If your files are unsorted and have massive coverage, you may also intentionally run less reads using the -m
parameter:
ntsmCount -t 2 -m 10 -s sites.fa sample_part1.fq sample_part2.fq > counts.txt
This will run the file until the average site coverage reaches 10x, which should be adequate for most sequencing data types.
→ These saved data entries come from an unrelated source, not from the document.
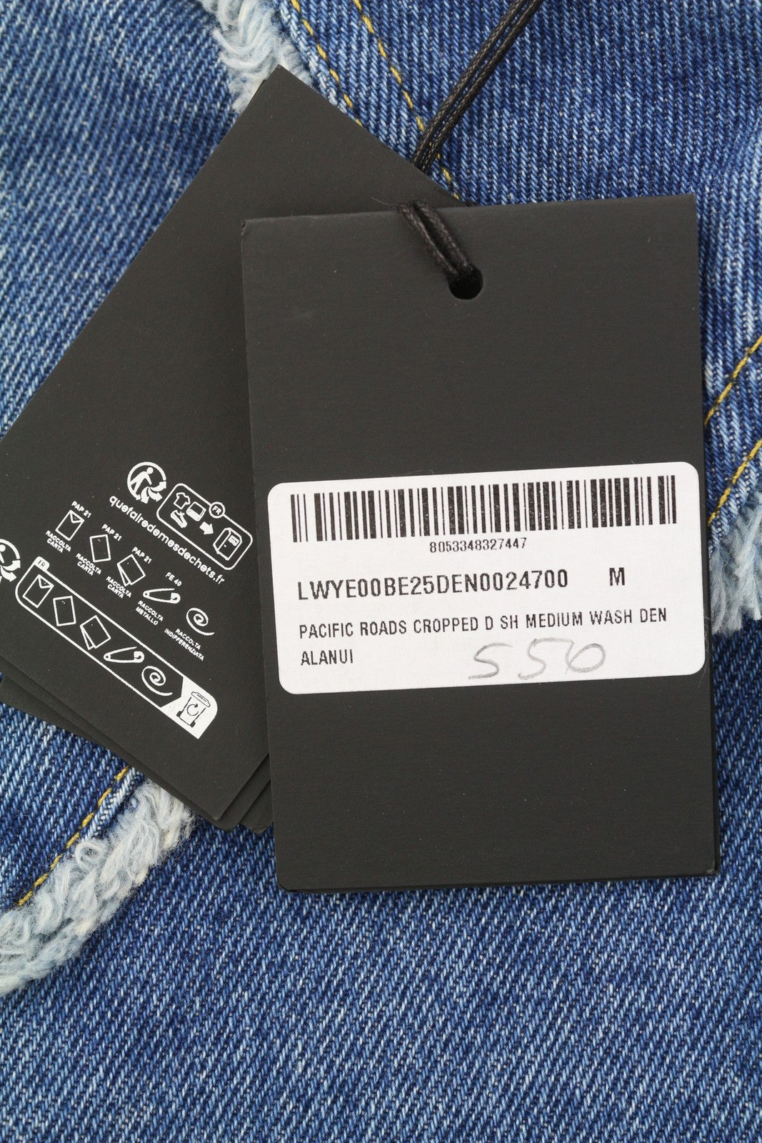 ALANUI Pacific Roads Cropped Denim Women Shirt M Blue Distressed Hems RRP815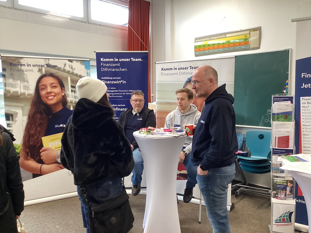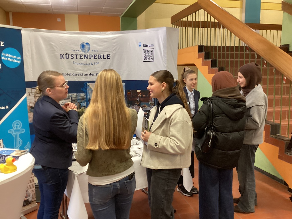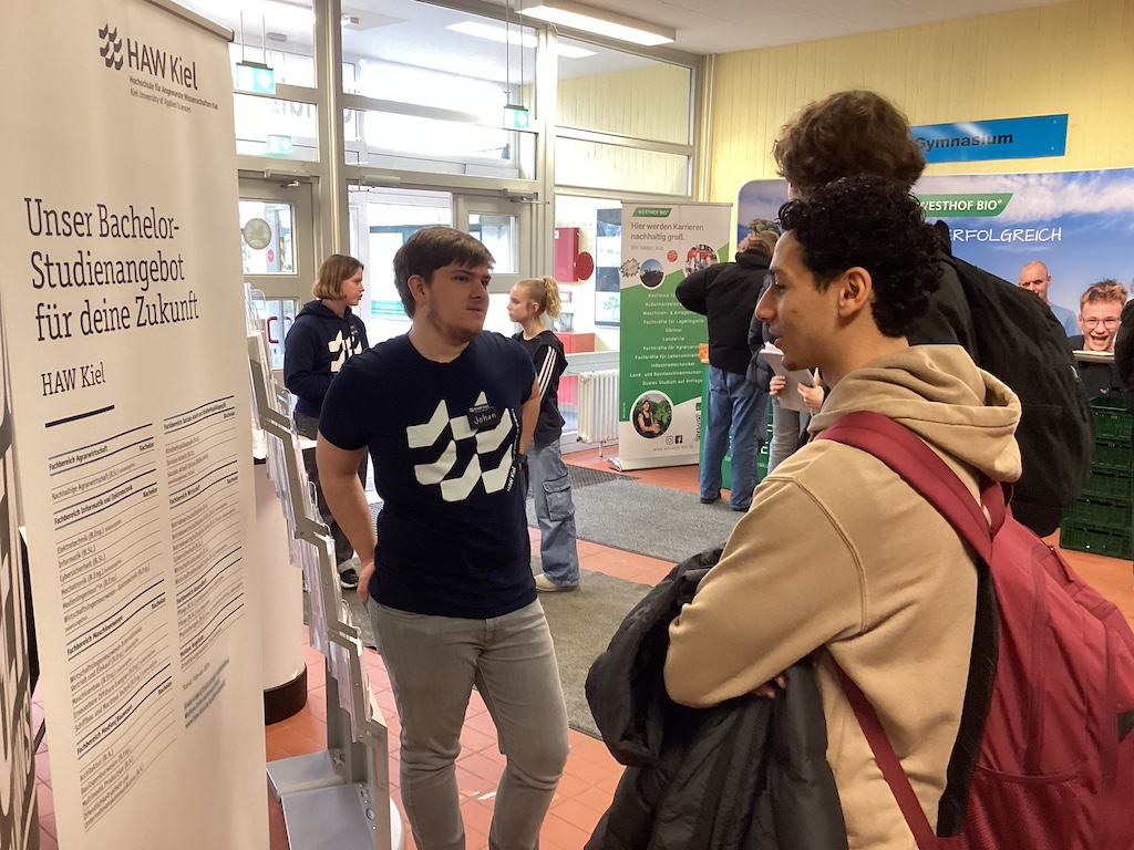 ... nimmt in jedem Schuljahr an den Berufsorientierungstagen der FH Westküste teil. Dort werden den Schülerinnen und Schülern in Vorträgen aus Wirtschaft, Fachhochschule und Behörden Einblicke in die Arbeits- und Hochschulwelt gewährt.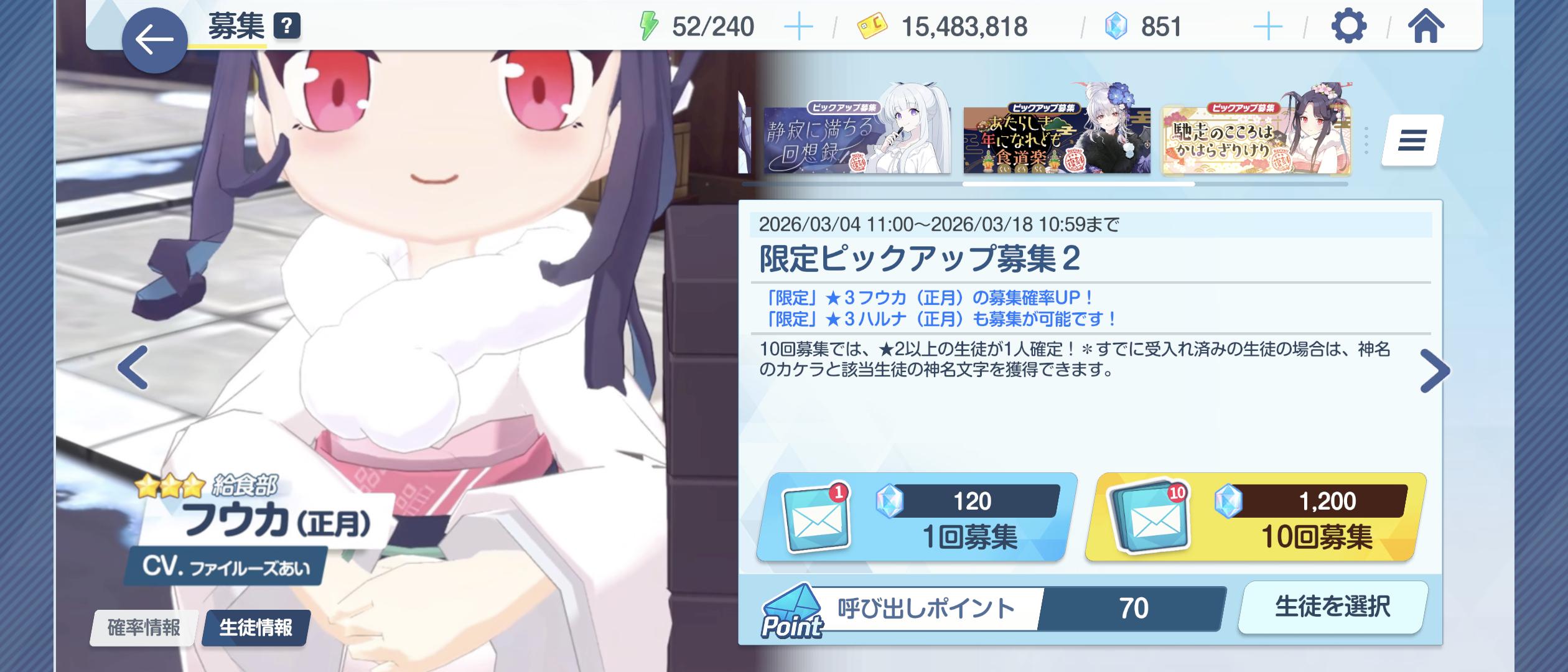 | … | 3726/03/05(木)13:17:39No.1407881172+フユは今回だと星3でもいけるっぽい |

Lower coverage is possible if the read error rate is low enough.
Output Example:
#@TK 119443488624
#@KS 19
#locusID countAT countCG sumAT sumCG distinctAT distinctCG
rs1741692 23 22 68 190 3 9
rs6419870 0 43 0 86 1 2
rs3171927 19 20 91 20 5 1
rs12057128 16 0 31 0 2 5
rs11976368 43 0 43 0 1 10
rs4545798 17 13 34 65 2 5
rs10888802 0 37 0 355 9 10
...
Header lines (#@
) helps in error rate estimation.
Example command:
ntsmEval HG002_rep1_counts.txt HG002_rep2_counts.txt HG003_counts.txt HG004_counts.txt > summary.tsv
or if you wish optionally to speed up the analysis using a PCA rotation matrix:
ntsmEval -a -t 16 -n data/human_sites_center.txt -p data/human_sites_rotationMat.tsv HG002_rep1_counts.txt HG002_rep2_counts.txt HG003_counts.txt HG004_counts.txt > summary.tsv
Output Example (with -a
option):
sample1 sample2 score same dist relate ibs0 ibs2 homConcord het1 het2 sharedHet hom1 hom2 sharedHom n cov1 cov2 errorRate1 errorRate2 miss1 miss2 allHom1 allHom2 allHet1 allHet2
HG002_rep1_counts.txt HG002_rep2_counts.txt 0.07988 1 0.004839 0.996827 0 95971 0.998287 33720 33787 33613 62532 62465 62358 96252 37.416162 45.260554 0.003493 0.004301 35 35 62532 62465 33720 33787
HG003_counts.txt HG004_counts.txt 3.430842 0 7.512569 -0.003973 6649 48672 0.355549 33473 33781 13165 62772 62464 35507 96245 44.931787 44.068285 0.005968 0.004208 34 38 62779 62466 33474 33783
HG002_rep1_counts.txt HG003_counts.txt 1.660803 0 4.732675 0.498775 24 62518 0.731288 33720 33474 16744 62528 62774 45774 96248 37.416162 44.931787 0.003493 0.005968 35 34 62532 62779 33720 33474
HG002_rep1_counts.txt HG004_counts.txt 1.653478 0 2.872071 0.500089 19 62525 0.72982 33720 33783 16901 62525 62462 45624 96245 37.416162 44.068285 0.003493 0.004208 35 38 62532 62466 33720 33783
HG002_rep2_counts.txt HG003_counts.txt 1.760081 0 4.707002 0.499821 24 62521 0.73156 33787 33474 16779 62461 62774 45742 96248 45.260554 44.931787 0.004301 0.005968 35 34 62465 62779 33787 33474
HG002_rep2_counts.txt HG004_counts.txt 1.74858 0 2.78644 0.4996 19 62488 0.729034 33787 33783 16916 62458 62462 45572 96245 45.260554 44.068285 0.004301 0.004208 35 38 62465 62466 33787 33783
...
Note that the -a
parameter will not output all pairwise comparisons if the PCA heuristic is used and will only consider comparing samples within a certain distance in PCA space. Though related samples are more likely to exist closer in PCA space, if using ntsm for relatedness inference you may miss some related pairs if you use this heuristic. You would not likely want to use -a
with the PCA heuristic in most cases and the example above is for more illustrative purposes of the tool's use and output.
Column explanations:
If run on a single counts file the output can look like this:
sample cov errorRate miss hom het PC1 PC2 PC3 PC4 PC5 PC6 PC7 PC8 PC9 PC10 PC11 PC12 PC13 PC14 PC15 PC16 PC17 PC18 PC19 PC20
HG002_rep1_counts.txt 37.416162 0.003493 35 62532 33720 -14.254352 -23.285693 -0.373179 -7.315873 -1.187992 -5.494577 -0.434657 -0.334589 -0.832297 -1.160507 0.286102 -0.114464 1.013333 0.252766 -0.204102 0.465836 0.694361 0.099620 0.019345 -1.195279
This provides generic QC information useful without other samples (e.g. error rate) and if inclined a means of plotting the sample relative to others on a PCA plot. The number of columns is dependant on the number of principal components used.